▸ **Data**:
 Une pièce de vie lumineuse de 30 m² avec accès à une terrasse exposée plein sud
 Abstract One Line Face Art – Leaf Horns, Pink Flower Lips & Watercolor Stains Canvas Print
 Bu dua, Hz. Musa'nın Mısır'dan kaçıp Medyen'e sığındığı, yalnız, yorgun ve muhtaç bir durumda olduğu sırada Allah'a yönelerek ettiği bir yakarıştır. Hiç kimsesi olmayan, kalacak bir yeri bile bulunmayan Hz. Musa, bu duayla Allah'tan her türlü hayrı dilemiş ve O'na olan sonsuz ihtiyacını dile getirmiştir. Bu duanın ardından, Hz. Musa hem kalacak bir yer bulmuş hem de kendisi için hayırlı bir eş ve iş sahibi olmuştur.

==

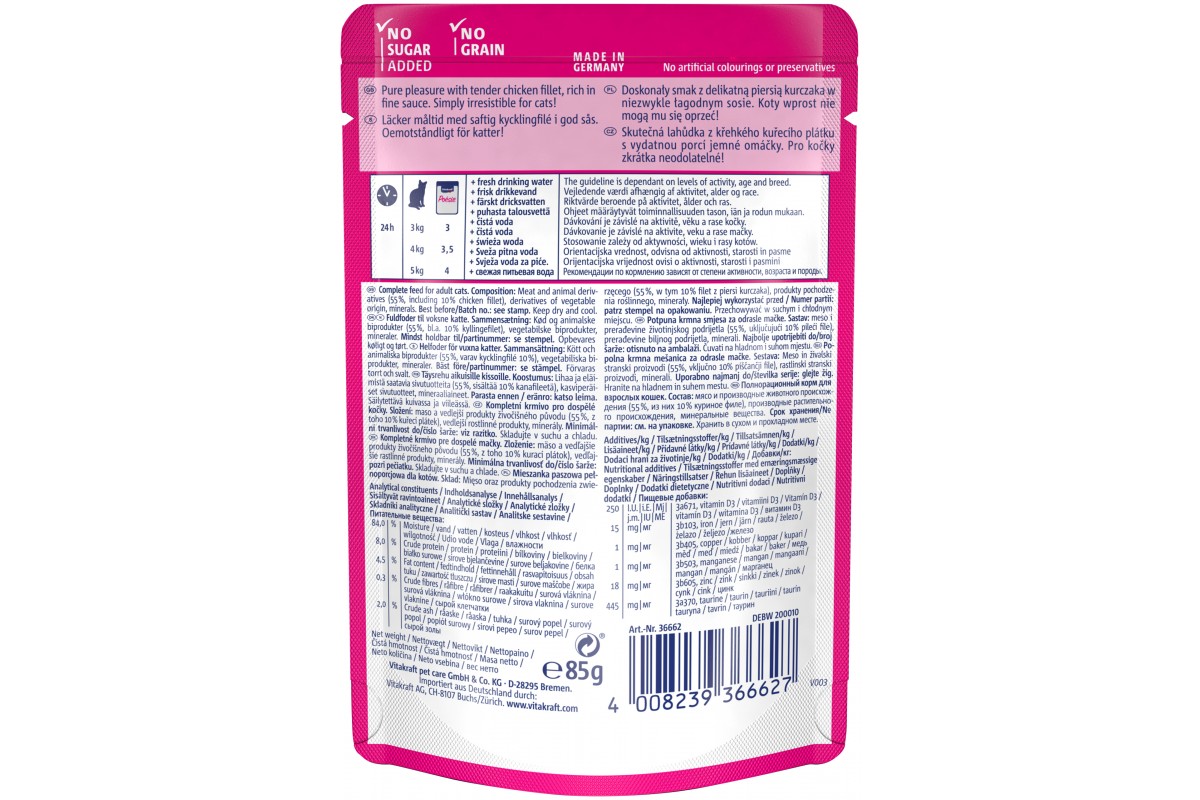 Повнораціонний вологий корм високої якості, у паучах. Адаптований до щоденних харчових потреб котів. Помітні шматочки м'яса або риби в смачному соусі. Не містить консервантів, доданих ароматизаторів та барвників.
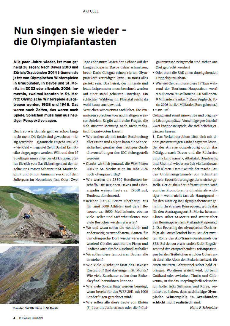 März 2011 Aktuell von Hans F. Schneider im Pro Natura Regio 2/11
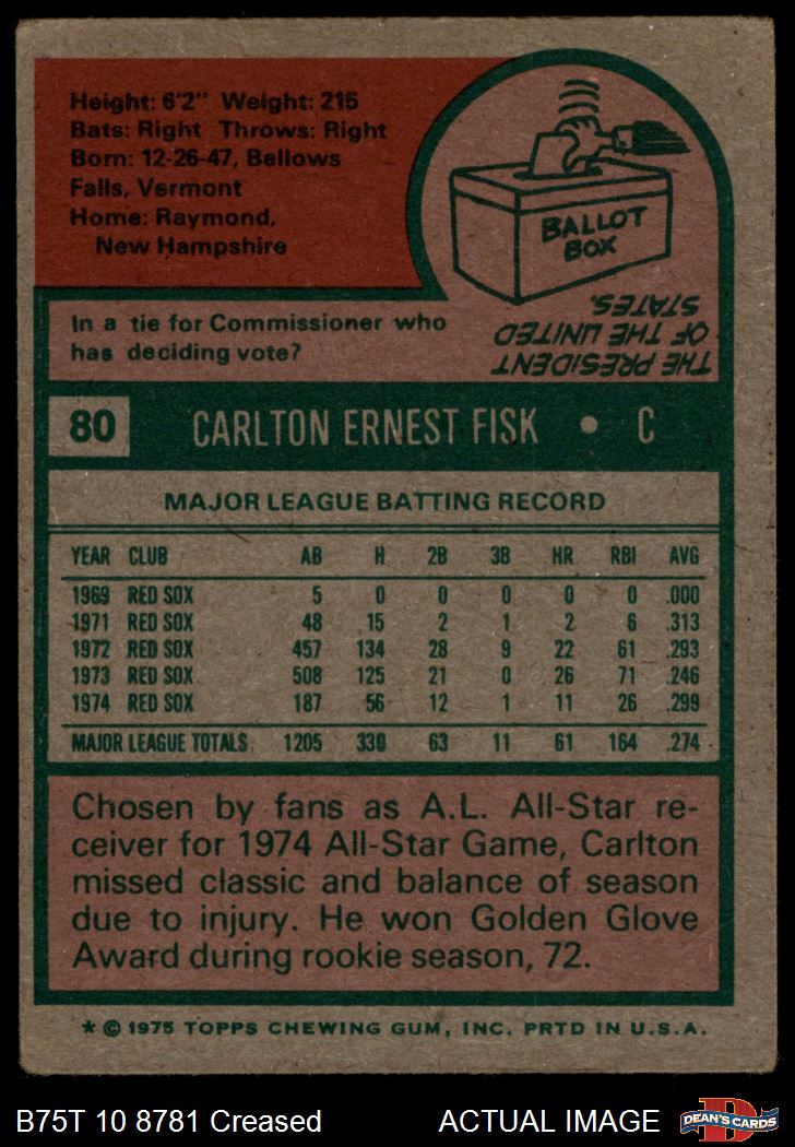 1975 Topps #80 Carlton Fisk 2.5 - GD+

▸ **Required work**: From the data above, output exactly the lines between the one containing "Une pièce de" and the one containing "Bu dua, Hz.", counting both of them.

▸ **Written response**:
 Une pièce de vie lumineuse de 30 m² avec accès à une terrasse exposée plein sud
 Abstract One Line Face Art – Leaf Horns, Pink Flower Lips & Watercolor Stains Canvas Print
 Bu dua, Hz. Musa'nın Mısır'dan kaçıp Medyen'e sığındığı, yalnız, yorgun ve muhtaç bir durumda olduğu sırada Allah'a yönelerek ettiği bir yakarıştır. Hiç kimsesi olmayan, kalacak bir yeri bile bulunmayan Hz. Musa, bu duayla Allah'tan her türlü hayrı dilemiş ve O'na olan sonsuz ihtiyacını dile getirmiştir. Bu duanın ardından, Hz. Musa hem kalacak bir yer bulmuş hem de kendisi için hayırlı bir eş ve iş sahibi olmuştur.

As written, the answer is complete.